Although the records contain pictures, none belong in the copy: restate word for word only the lines from the one with "Water exchange also" through the one with "La pièce provient", both included.

▶ _Records for processing_
——
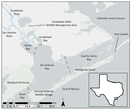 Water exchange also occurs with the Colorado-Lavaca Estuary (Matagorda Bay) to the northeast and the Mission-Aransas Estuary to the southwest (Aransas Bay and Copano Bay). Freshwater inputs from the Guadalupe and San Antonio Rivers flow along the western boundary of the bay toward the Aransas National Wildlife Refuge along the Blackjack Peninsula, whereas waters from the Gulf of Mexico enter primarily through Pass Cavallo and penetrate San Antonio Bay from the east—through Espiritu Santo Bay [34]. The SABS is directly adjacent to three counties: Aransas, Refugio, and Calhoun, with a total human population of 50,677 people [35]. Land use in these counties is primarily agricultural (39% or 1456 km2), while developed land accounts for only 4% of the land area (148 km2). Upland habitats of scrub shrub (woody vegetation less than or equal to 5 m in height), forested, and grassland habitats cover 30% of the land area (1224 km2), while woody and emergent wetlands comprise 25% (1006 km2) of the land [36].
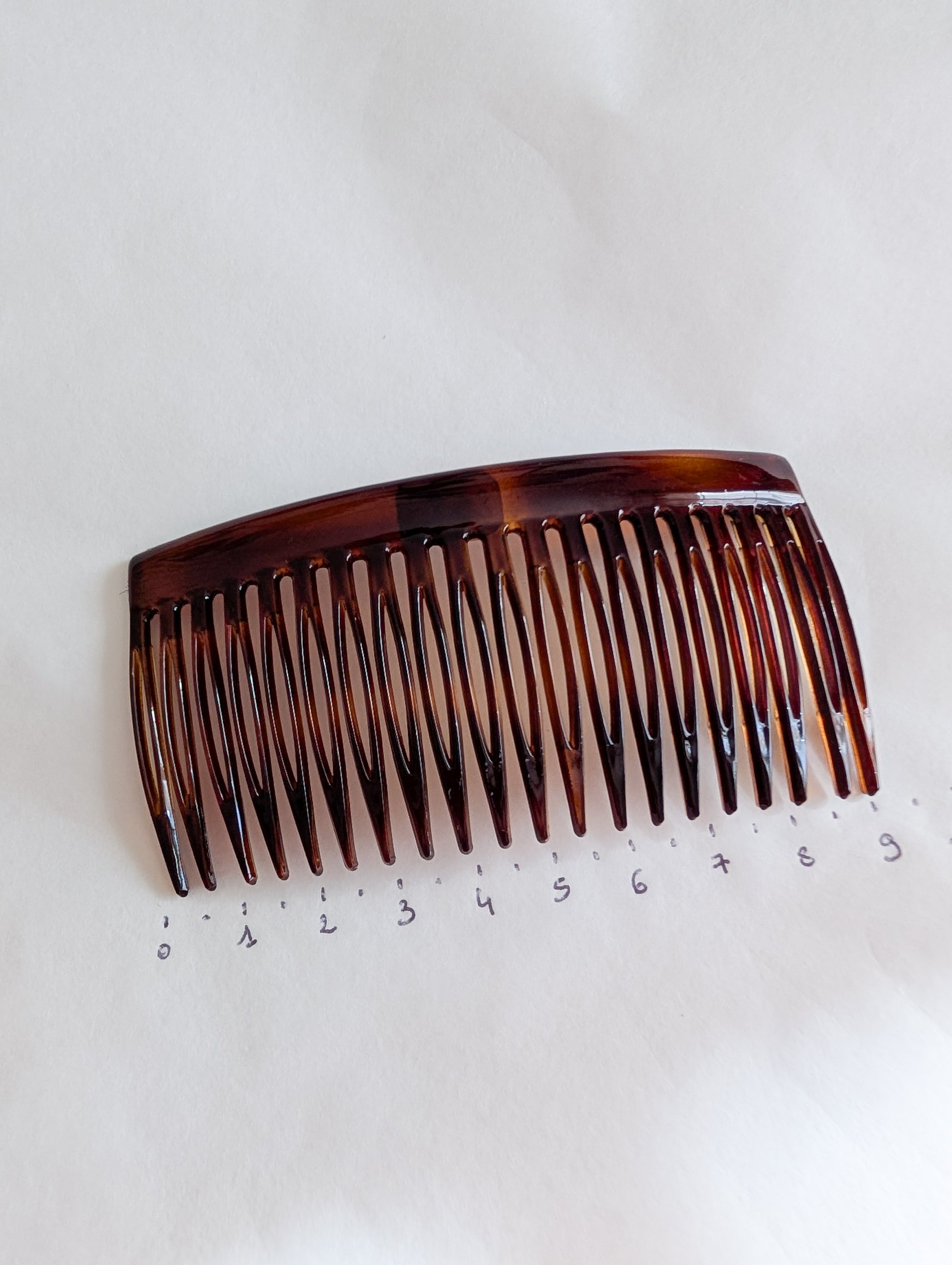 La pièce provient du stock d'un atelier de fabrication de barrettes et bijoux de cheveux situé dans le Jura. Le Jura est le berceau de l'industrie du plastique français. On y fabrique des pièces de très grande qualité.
——
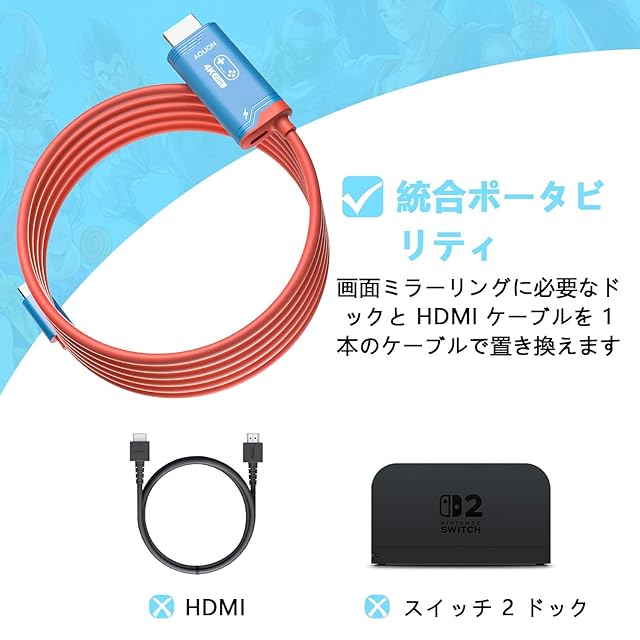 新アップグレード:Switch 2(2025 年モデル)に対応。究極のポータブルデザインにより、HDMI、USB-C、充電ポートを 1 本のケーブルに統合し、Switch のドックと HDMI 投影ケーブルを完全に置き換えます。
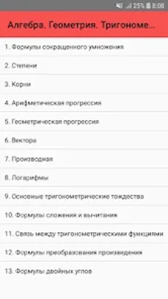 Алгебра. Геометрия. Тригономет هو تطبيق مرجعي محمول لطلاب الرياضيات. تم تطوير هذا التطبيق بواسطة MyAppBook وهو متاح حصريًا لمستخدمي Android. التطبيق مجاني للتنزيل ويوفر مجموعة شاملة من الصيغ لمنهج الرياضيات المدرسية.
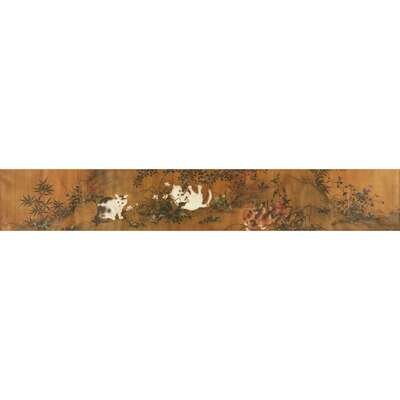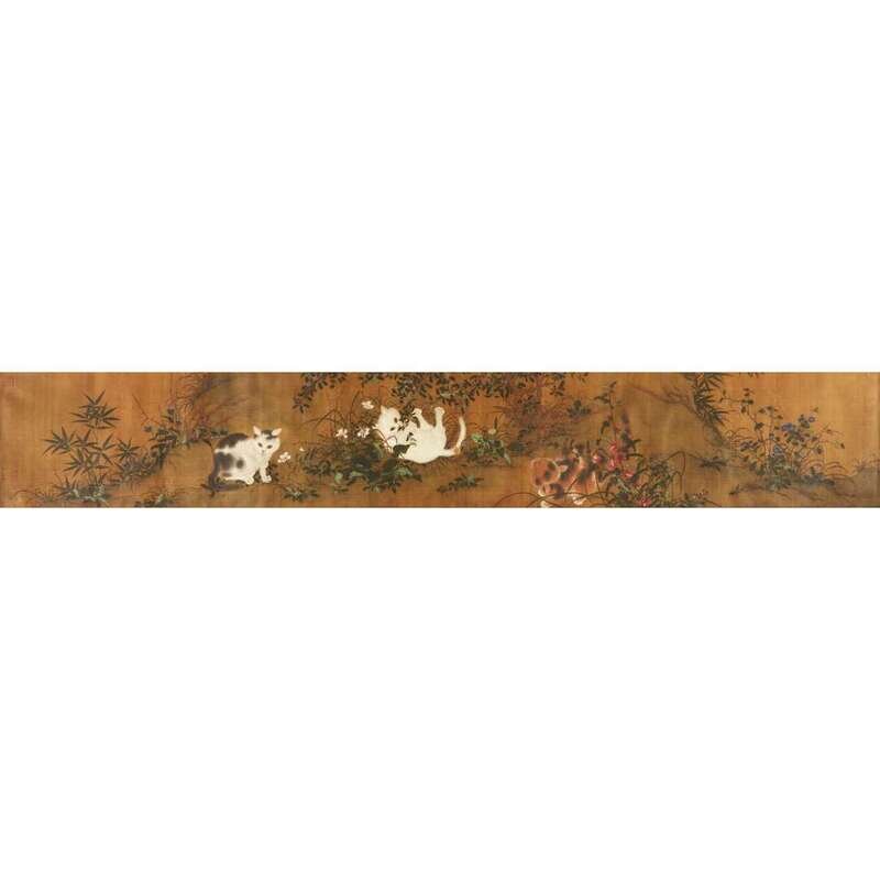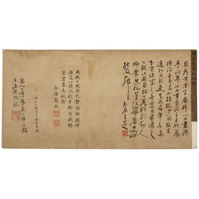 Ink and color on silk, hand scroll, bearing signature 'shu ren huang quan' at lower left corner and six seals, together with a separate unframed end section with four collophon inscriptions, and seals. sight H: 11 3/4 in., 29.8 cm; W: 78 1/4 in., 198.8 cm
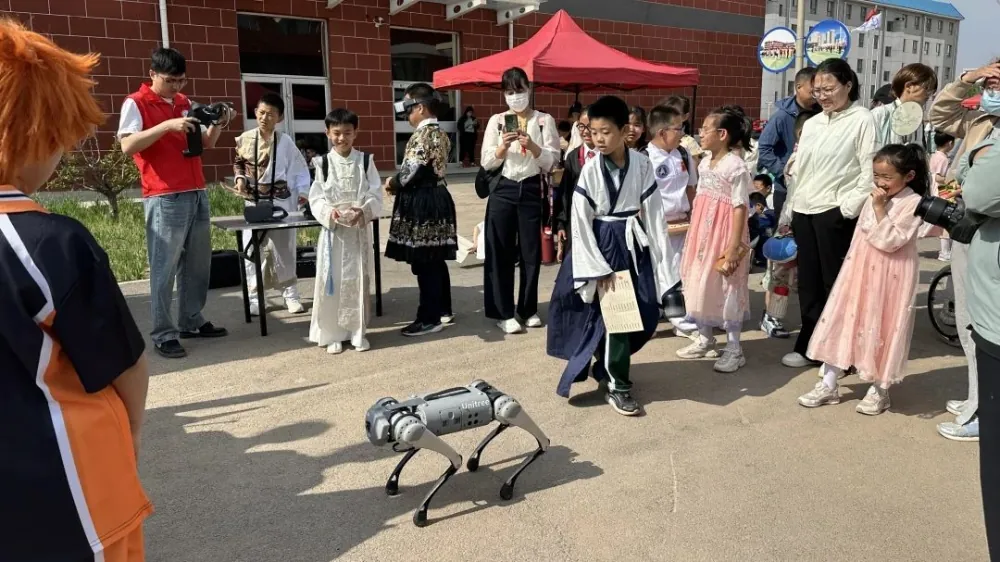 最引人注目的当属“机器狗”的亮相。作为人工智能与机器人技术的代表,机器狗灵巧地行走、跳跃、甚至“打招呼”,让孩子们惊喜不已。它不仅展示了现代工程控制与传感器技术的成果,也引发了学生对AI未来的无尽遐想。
——
▶ _Output below_
 Water exchange also occurs with the Colorado-Lavaca Estuary (Matagorda Bay) to the northeast and the Mission-Aransas Estuary to the southwest (Aransas Bay and Copano Bay). Freshwater inputs from the Guadalupe and San Antonio Rivers flow along the western boundary of the bay toward the Aransas National Wildlife Refuge along the Blackjack Peninsula, whereas waters from the Gulf of Mexico enter primarily through Pass Cavallo and penetrate San Antonio Bay from the east—through Espiritu Santo Bay [34]. The SABS is directly adjacent to three counties: Aransas, Refugio, and Calhoun, with a total human population of 50,677 people [35]. Land use in these counties is primarily agricultural (39% or 1456 km2), while developed land accounts for only 4% of the land area (148 km2). Upland habitats of scrub shrub (woody vegetation less than or equal to 5 m in height), forested, and grassland habitats cover 30% of the land area (1224 km2), while woody and emergent wetlands comprise 25% (1006 km2) of the land [36].
 La pièce provient du stock d'un atelier de fabrication de barrettes et bijoux de cheveux situé dans le Jura. Le Jura est le berceau de l'industrie du plastique français. On y fabrique des pièces de très grande qualité.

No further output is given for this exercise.